Multimodal LLMs & Skill Extraction and Classification using LLMs
Details
Multimodal Large Language Models by Anselmo Talotta
This presentation explores the field of multimodal learning, which aims to enhance machine perception by integrating diverse data types such as text, images, audio, and video. The talk covers key developments in multimodal AI, from early fusion techniques to more advanced approaches like CLIP (Contrastive Language-Image Pre-training) and recent Multimodal Large Language Models.
Key topics include the challenges of combining different data modalities, the application of transformer architectures in multimodal contexts, and emerging capabilities in zero-shot learning. The presentation discusses practical applications such as visual question answering and text-based image retrieval, while also addressing current limitations of multimodal systems.
Skill Extraction and Classification in Online Job Vacancies Using NLP and Large Language Models by Najada Feimi
This presentation explores the extraction and classification of skills from Online Job Vacancies (OJV) across France, Luxembourg, Belgium, and Germany.

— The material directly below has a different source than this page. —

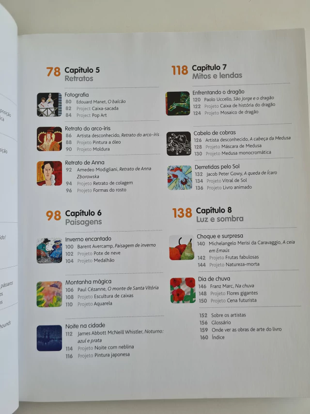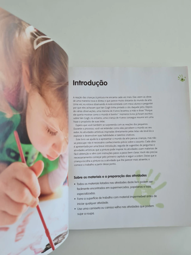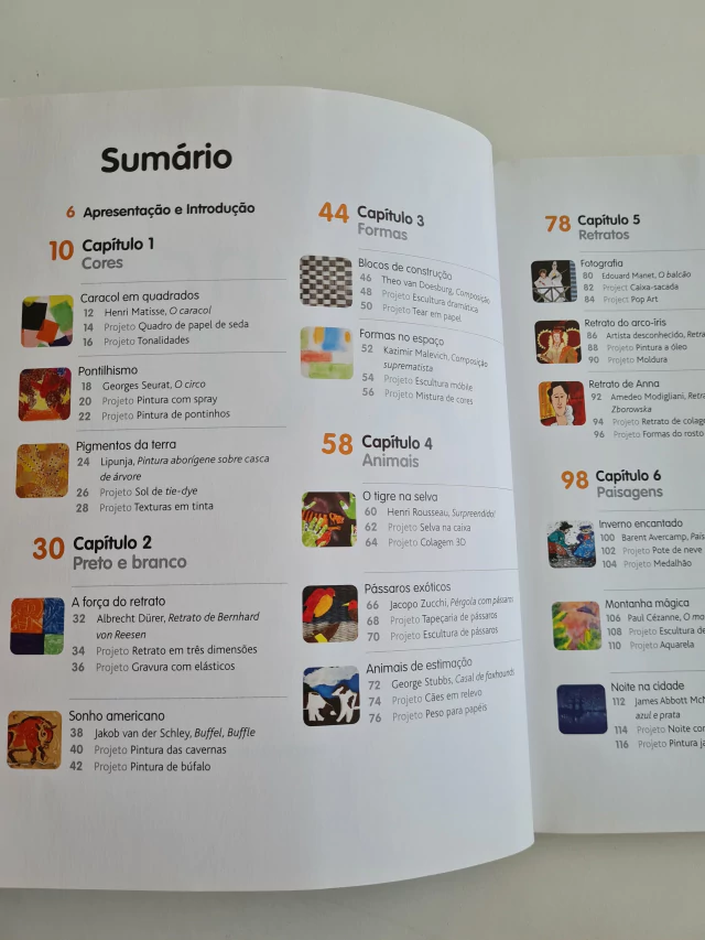 As histórias e os significados contidos em 21 obras-primas servem de inspiração para que as crianças, sob orientação de um adulto, elaborem 42 projetos. Usando materiais facilmente encontrados, elas vão desenvolver a habilidade criativa, colocando e m prática técnicas como pontilhismo, relevo e mosaico. De forma lúdica e divertida, este livro ensina como usar as cores, as formas, o preto e branco, a luz e a sombra. Explica como recriar animais, paisagens e retratos, e desvenda o fantástico mundo dos mitos e das lendas.

The approach leverages a combination of cosine similarity and transformer-based embeddings to validate OJV data against official registries and retrieve industry NACE codes, ensuring accuracy in job market analysis. A key focus is the automatic extraction of skills from job descriptions using Mixtral (Mistralai/Mixtral-8x7B-Instruct-v0.1). The extracted skills are then classified into meaningful categories, including Digital, Data-Related, AI, Frontier, Prediction, Judgment, Decision-Making, Social and Other.
The talk discusses the challenges of skill identification, the impact of LLM-generated extractions, and the effectiveness of classification models in structuring Labor Market data. Finally, it addresses the strengths and limitations of using LLMs for workforce analysis and future directions for improving skill taxonomies.